# The task
Reproduce the records below exactly, leaving their images out.

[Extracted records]

((

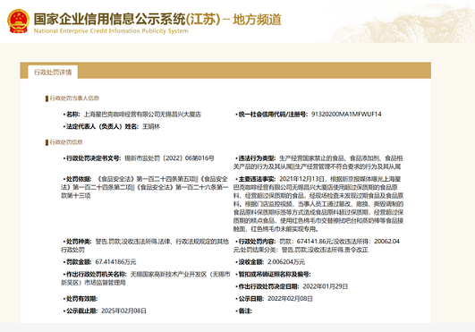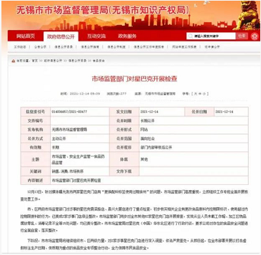 针对此事,2021年12月14日,无锡市市场监管局发布对星巴克开展检查的公告。公告显示,市、区两级市场监管部门对涉事的星巴克震泽路店、昌兴大厦店进行了重点检查,初步核实相关企业有更改食品原料内控期限标识、使用超过内控期限原料的行为,已责成2家涉事门店停业整改。市场监管部门同步对全市其他82家星巴克门店开展排查,发现从业人员未戴工作帽、加工区物品摆放零乱、消毒记录不全等15处问题,均已责令整改。同时,无锡市市场监管局对星巴克(中国)华东北区进行了行政约谈,要求公司对存在的食品安全问题进行全面自查、落实整改。
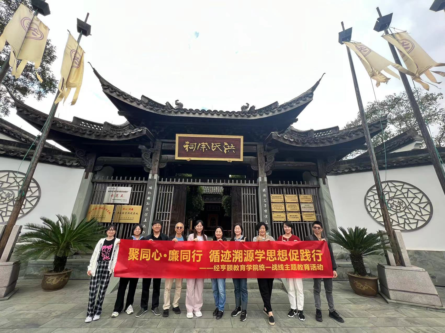 学院一行首先参观了洪氏宗祠,洪氏家族史称“钱塘望族”,以“宋朝父子公侯三宰相,明纪祖孙太保五尚书”而传世,形成了“孝以事亲,义以睦族,敬以持己,恕以及物”洪氏祖训。在讲解员的带领下,老师们通过游览洪氏宗祠和钱塘望族文化展馆,感悟源远流长的家族传承,观看家风、廉政文化宣传视频,感悟清正德义的洪氏家风;诵读洪氏家规祖训,感悟忠孝节义的洪园故事;乘坐清风号专线,“沿着总书记的足迹学思想”,登高观荷,感悟出淤泥而不染的清廉之风。
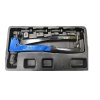 Ручной заклепочник представляет собой специализированный инструмент, предназначенный для создания прочных и надежных соединений. В комплекте поставляются разные головки, что обеспечивает возможность использовать заклепки разного диаметра, и ключ, упрощающий их замену.
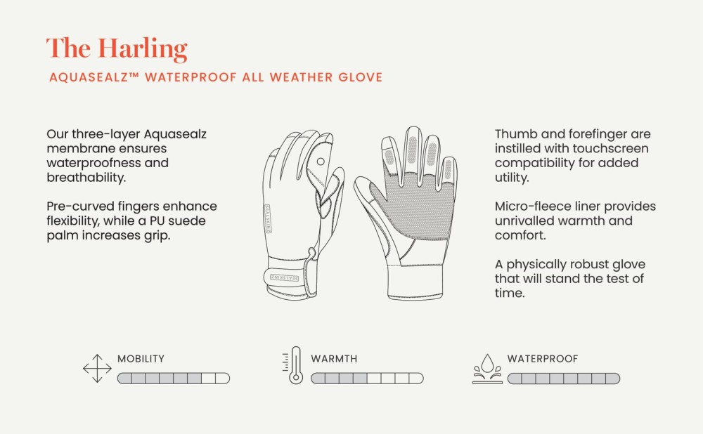 Harling veekindlad rattakindad on kerged ja vastupidavad. Need sobivad välitegevusteks ja eriti jalgrattasõiduks külmades ja märgades tingimustes. Kinnastel kasutatakse Aquasealz™ tehnoloogiat, mis tagab samaaegselt veekindluse ja hea hingavuse, hoides käed kuivana ja mugavana. Kinnaste eelkõverdatud sõrmed parandavad haaret ja kontrolli juhtraual. PU-seemisnahast peopesa pakub vastupidavust ning täpset haarduvust. Pöial ja nimetissõrm võimaldavad kasutada puuteekraaniga telefoni või GPS-seadet kindaid eemaldamata.
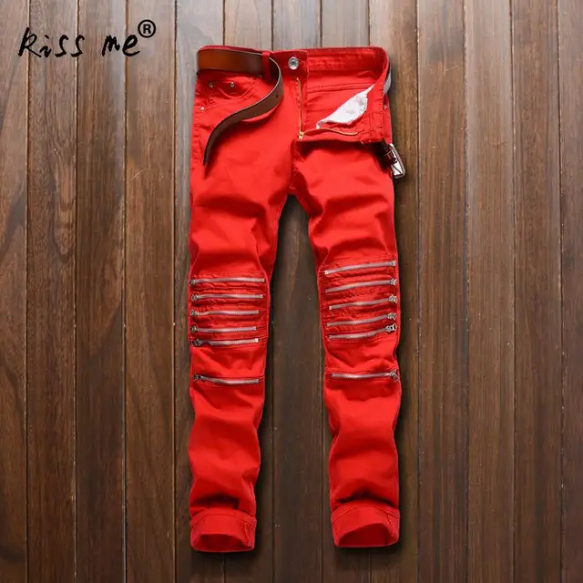Grosshandel Top Herren Denim Hosen Moto Zippers Hosen Klassisch Zerrissene Rote Skinny Denim Biker Jeans Stretch Slim Hose Grosse 29 42 Von Flowter 106 02 Auf De Dhgate Com Dhgate
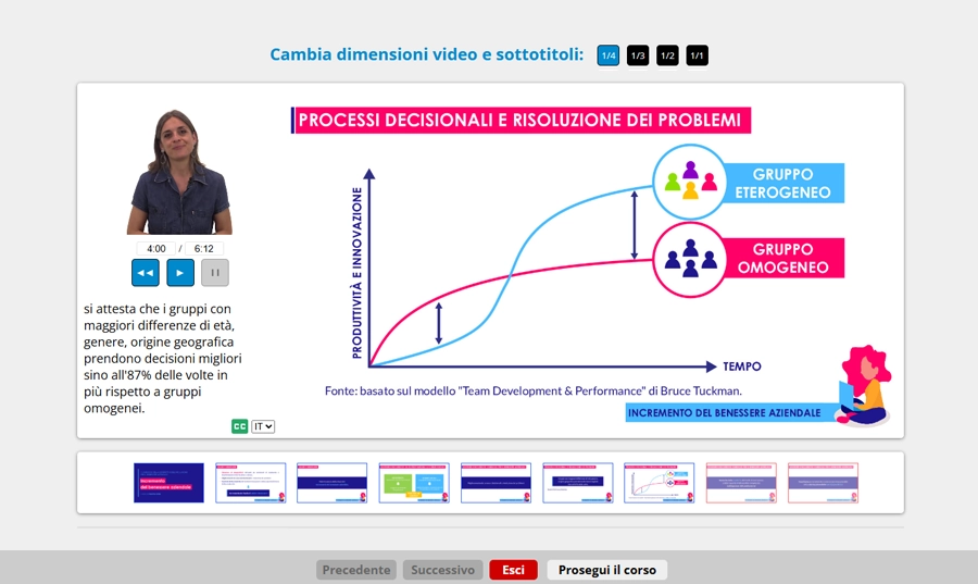 I contenuti sono supportati da metodologie didattiche attive, che garantiscono il coinvolgimento dell’utente durante la fruizione: possono essere presenti esercitazioni che forniscono un feedback immediato sull’apprendimento, filmati di approfondimento che rendono chiaramente comprensibili gli esempi a cui si riferiscono, documenti di approfondimento che consentono all’utente di incrementare le informazioni di base fornite dal corso. Le domande comprese nei test sono facilmente comprensibili e sono inerenti ai contenuti delle lezioni. I quesiti sono esposti in modo casuale, per garantire l’impossibilità di proporre test uguali a diversi utenti e in caso di mancato superamento da parte dell’utente.

))

# Exercise response
 针对此事,2021年12月14日,无锡市市场监管局发布对星巴克开展检查的公告。公告显示,市、区两级市场监管部门对涉事的星巴克震泽路店、昌兴大厦店进行了重点检查,初步核实相关企业有更改食品原料内控期限标识、使用超过内控期限原料的行为,已责成2家涉事门店停业整改。市场监管部门同步对全市其他82家星巴克门店开展排查,发现从业人员未戴工作帽、加工区物品摆放零乱、消毒记录不全等15处问题,均已责令整改。同时,无锡市市场监管局对星巴克(中国)华东北区进行了行政约谈,要求公司对存在的食品安全问题进行全面自查、落实整改。
 学院一行首先参观了洪氏宗祠,洪氏家族史称“钱塘望族”,以“宋朝父子公侯三宰相,明纪祖孙太保五尚书”而传世,形成了“孝以事亲,义以睦族,敬以持己,恕以及物”洪氏祖训。在讲解员的带领下,老师们通过游览洪氏宗祠和钱塘望族文化展馆,感悟源远流长的家族传承,观看家风、廉政文化宣传视频,感悟清正德义的洪氏家风;诵读洪氏家规祖训,感悟忠孝节义的洪园故事;乘坐清风号专线,“沿着总书记的足迹学思想”,登高观荷,感悟出淤泥而不染的清廉之风。
 Ручной заклепочник представляет собой специализированный инструмент, предназначенный для создания прочных и надежных соединений. В комплекте поставляются разные головки, что обеспечивает возможность использовать заклепки разного диаметра, и ключ, упрощающий их замену.
 Harling veekindlad rattakindad on kerged ja vastupidavad. Need sobivad välitegevusteks ja eriti jalgrattasõiduks külmades ja märgades tingimustes. Kinnastel kasutatakse Aquasealz™ tehnoloogiat, mis tagab samaaegselt veekindluse ja hea hingavuse, hoides käed kuivana ja mugavana. Kinnaste eelkõverdatud sõrmed parandavad haaret ja kontrolli juhtraual. PU-seemisnahast peopesa pakub vastupidavust ning täpset haarduvust. Pöial ja nimetissõrm võimaldavad kasutada puuteekraaniga telefoni või GPS-seadet kindaid eemaldamata.
Grosshandel Top Herren Denim Hosen Moto Zippers Hosen Klassisch Zerrissene Rote Skinny Denim Biker Jeans Stretch Slim Hose Grosse 29 42 Von Flowter 106 02 Auf De Dhgate Com Dhgate
 I contenuti sono supportati da metodologie didattiche attive, che garantiscono il coinvolgimento dell’utente durante la fruizione: possono essere presenti esercitazioni che forniscono un feedback immediato sull’apprendimento, filmati di approfondimento che rendono chiaramente comprensibili gli esempi a cui si riferiscono, documenti di approfondimento che consentono all’utente di incrementare le informazioni di base fornite dal corso. Le domande comprese nei test sono facilmente comprensibili e sono inerenti ai contenuti delle lezioni. I quesiti sono esposti in modo casuale, per garantire l’impossibilità di proporre test uguali a diversi utenti e in caso di mancato superamento da parte dell’utente.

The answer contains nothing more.